You can change the location of the SQLite database and other datafiles by setting the environment variable $CHAT_ARCHIVE_DIRECTORY. Making a backup of your chat archive is as simple as saving a copy of the database file ~/.local/share/chat-archive/database.sqlite3 to another storage medium. Please keep in mind that this database has the potential to contain a lot of sensitive data, so I strongly advise you to use disk encryption.

Supported chat services

The following backends are currently available:

Chat service Description
Google Talk At one time this was the primary chat service of Google. It was based on (or at least cooperated well with) XMPP. My personal chat archive of Google Talk messages ends on 2013-12-12.
Google Hangouts The successor to Google Talk. Interestingly enough my personal chat archive of Google Hangouts messages starts on 2013-10-30 (what’s interesting to me is the overlap with the date above).
Slack Love it or hate it, when all of your colleagues are using it you can’t really get around it. Actually now that I write it down like that I can’t help but think of WhatsApp (where the “peer pressure” comes from family instead of colleagues).
Telegram A popular alternative to WhatsApp from Russia, without the Facebook baggage 😇 (which is not to say that the company behind Telegram can’t be just as evil).

In the future more backends may be added:

  • I’ve been contemplating scraping “WhatsApp Web” using something like Selenium. It would get ugly and nasty, the resulting backend would be fragile at best, but having those messages available might just be worth it…
  • I’m considering writing a chat log parser for the HTML chat logs that Pidgin generated ten years ago (circa 2008) because I have megabytes of such chat logs stored in backups 🙂.

History

The fragmented nature of digital communication, where messages come to you via numerous channels (including multiple chat services), has bothered me for years now.
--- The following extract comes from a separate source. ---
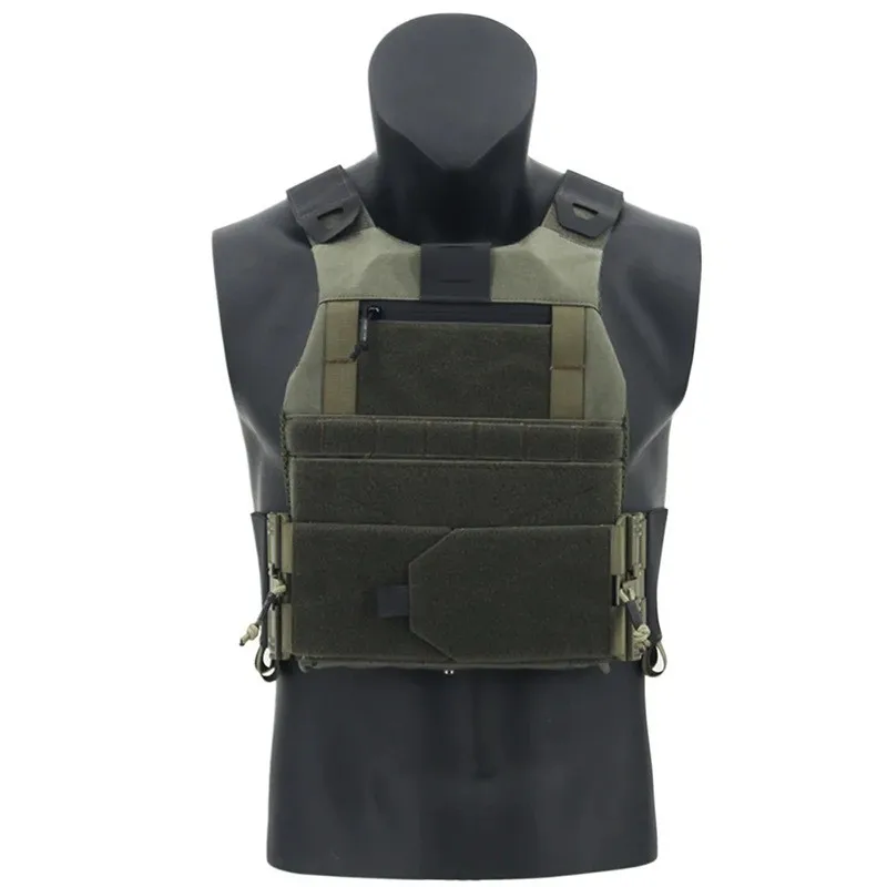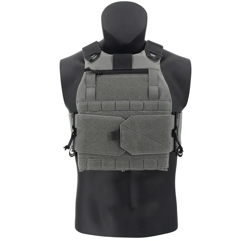 Especificaciones: El panel frontal del mosquetón para accesorios permite añadir insignias 01/02/03 u otras bolsas con paneles de gancho.Chaleco táctico de perfil bajo: está diseñado para ajustarse cómodamente a la parte superior del cuerpo y puede ocultarse debajo o usarse sobre una chaqueta.Bolsa de almacenamiento frontal: cerrada con cremallera, puede transportar mapas/otros equipos pequeños.3/4 ranuras elásticas en cada lado: pueden acomodar cargadores 5,56/7,65 para una extracción rápida.Espalda de malla transpirable: ayuda a liberar la humedad
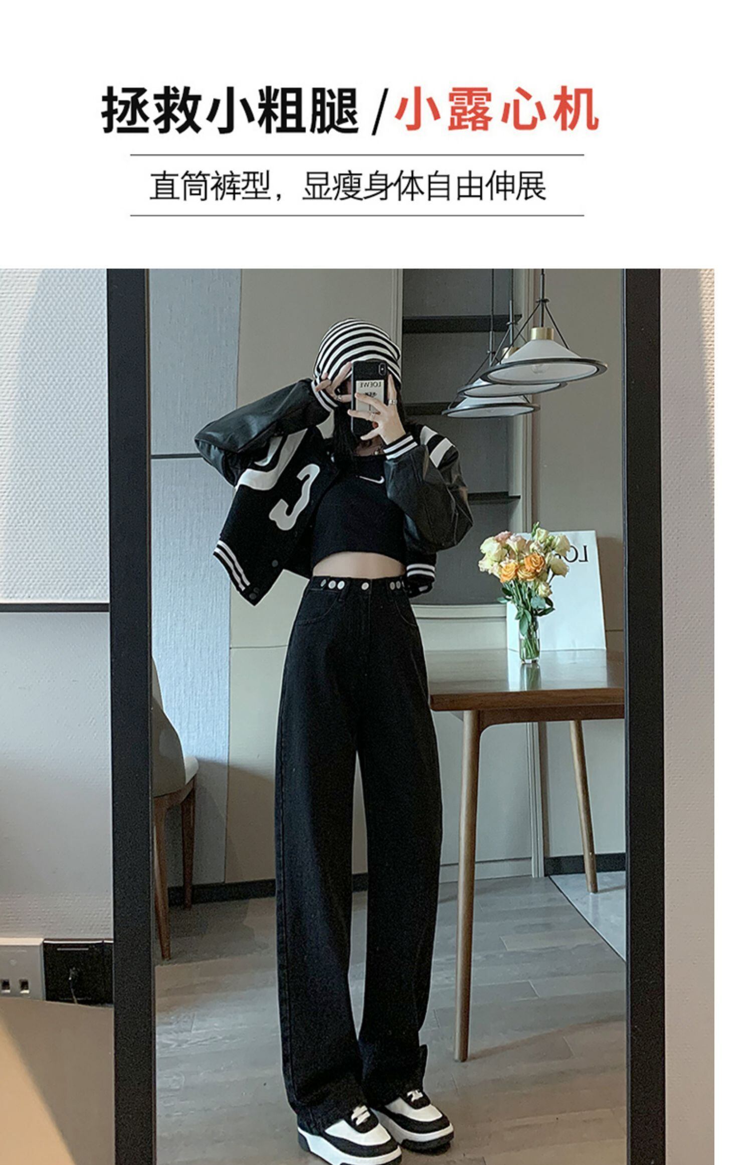 ウエストフリースジーンズレディース秋冬ストレート2021新作ルーズスモールワイドレッグモップブラックパンツ オータム 秋物 ウィンター 冬物 ワイドパンツ youqi95555889815

Finding things back can actually become a challenge 😇. Tangentially related is the realization that these chat services come and go, taking with them years of chat history, lost forever. I’m looking at you Google 😉.

Given that I am a programmer by trade and heart, It’s been itching for several years now to try and solve both of these problems at the same time by creating a computer program that downloads and stores the chat message history of multiple chat services into a single local database, available for searching and trivially easy to back up.

For what it’s worth I didn’t start out with the goal of “full fidelity” chat history backup including images and other multimedia, although I may eventually decide to implement it anyway. What I initially set out to build was a local, searchable database of textual chat messages collected from multiple chat services, with an easy way to add support for new chat services.

Contact

The latest version of chat-archive is available on PyPI and GitHub. The documentation is hosted on Read the Docs and includes a changelog. For bug reports please create an issue on GitHub. If you have questions, suggestions, etc. feel free to send me an e-mail at peter@peterodding.com.

License

This software is licensed under the MIT license.

© 2018 Peter Odding.

Here’s a quick overview of the licenses of the dependencies:

Dependency License
Alembic MIT license
emoji BSD license
hangups MIT license
Slacker Apache Software License
SQLAlchemy MIT license
Telethon MIT license

Shortly before publishing this project I got worried that I had included a GPL dependency which (if I understand correctly) would require me to publish under GPL as well, even though I’ve been consistently publishing my open source projects under the MIT license since 2010.

After assembling the table above I can confidently say that this is not the case 😇. The dependencies that are not listed in the table above are projects of mine, all of them published under the same MIT license as the chat-archive program (assuming I keep this up-to-date as new dependencies are added).